Reported herein are results of a number of investigations on: (1) strength and fracture toughness of oxidized, reaction-bonded (RB) Si3N4, (2) evaluation of chemical-vapor-deposition (CVD)-coated reaction-bonded Si3N4 and characterization and properties of controlled-nucleation-thermochemical-deposited (CNTD) silicon carbide, (3) subcritical-crack-growth (SCG) behavior of hot-pressed (HP)Si3N4 under mixed-mode loading conditions and SCG behavior of oxidized HP Si3N4, and (4) SCG behavior of Lithium-Aluminum-Silicate (LAS) glass-ceramics. The oxidation of RB Si3N4 at 900 C increases the strength by as much as 25%, presumably by blunting the flaw tips associated with open surface pores. The increase in fracture toughness is approximately the same. The 1500 deg C oxidation, on the other hand, does not provide effective flaw blunting and, in addition, an external silica scale is formed which cracks during cooling. At intermediate temperatures, the post-oxidation strength behavior is intermediate.

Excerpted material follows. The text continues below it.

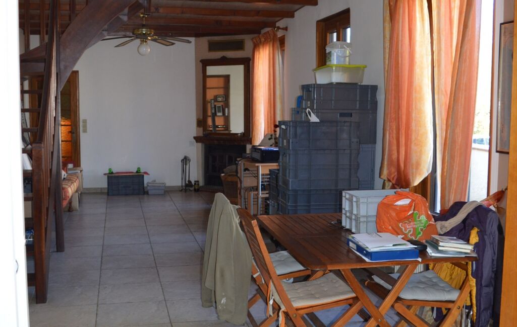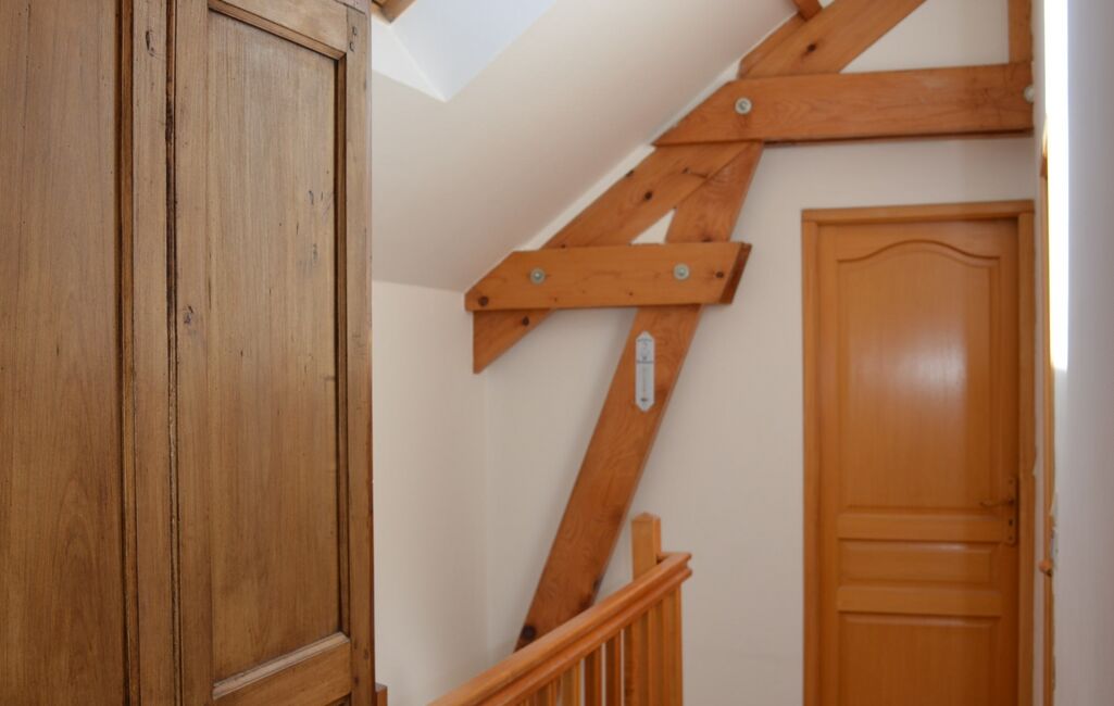 Elle se compose au rez-de-chaussée d’une jolie cuisine équipée et aménagée avec sa verrière pour une lumière chaleureuse toute la journée, d’un WC avec lave-mains, d’une spacieuse pièce de vie de 32 m² avec sa cheminée avec insert, un escalier permettra l'accès à 1 chambre et 1 bureau avec placards sous pentes et placards sur le palier

The CVD-coated RB Si3N4 exhibited a significant loss of strength, even though a uniform, adherent coating was produced. The strength of HP Si3N4 under mixed-mode loading conditions indicated that the effect of the shear component of applied stress is minimal and that the SCG mainly occurs in Mode I. The pre-oxidation of HP Si3N4 decreased the SCG kinetics measurably, presumably due to the depletion of Ca and Mg from the glassy intergranular phase. The SCG behavior of LAS glass-ceramic also indicated that Mode I is the predominant mode of SCG, even in the presence of Modes II and III. (Author)